D’autres élus ne veulent pas non plus donner trop d’importance à la malveillance de leurs
concitoyens, tout en refusant de la laisser impunie. Trois députés LREM de Bordeaux et
Mérignac ont ainsi fait condamner à une amende de 600 euros (dont la moitié avec sursis) un
militant antivax qui les insultait au téléphone.
Leur collègue lot-et-garon-nais, Alexandre Freschi, a été menacé de mort par un autre
adversaire des mesures sanitaires du gouvernement.

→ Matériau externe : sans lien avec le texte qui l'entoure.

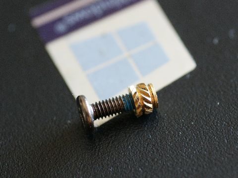 DYNABOOK B65/M 固定用埋め金剥がれ最近、何度か裏蓋を開けたが再組立て時にヒンジ部のネジ1本が閉まらない状態に、そのうち埋金具が ポロっと落ちてきた。こんなトラブルは大昔にSONYのノートPCで経験して以来。金具が小さすぎ、何度も 開閉することを想定していない強度設計? |

Ce qui ne l’a évidemment pas dissuadé, à l’Assemblée nationale, d’approuver la mise en place
du pass sanitaire mais il a aussi déposé plainte contre le courageux anonyme se décrivant «
armé jusqu’au cou. »
Après tout, n’est ce pas une députée ex-LREM qui exhorte les opposants au vaccin à envahir
les permanences parlementaires ?
La gifle reçue par le président de la République, Emmanuel Macron, le 8 juin dernier lors d’un
déplacement à Tain-L’Hermitage, dans la Drôme, est sensée elle aussi marquer une rupture.
Pas sûr que cela rassure les élus locaux qui doivent calmer leurs concitoyens les plus énervés.
« Me traiter de gros, c’est inacceptable, d’autant plus que je fais tout pour perdre du poids.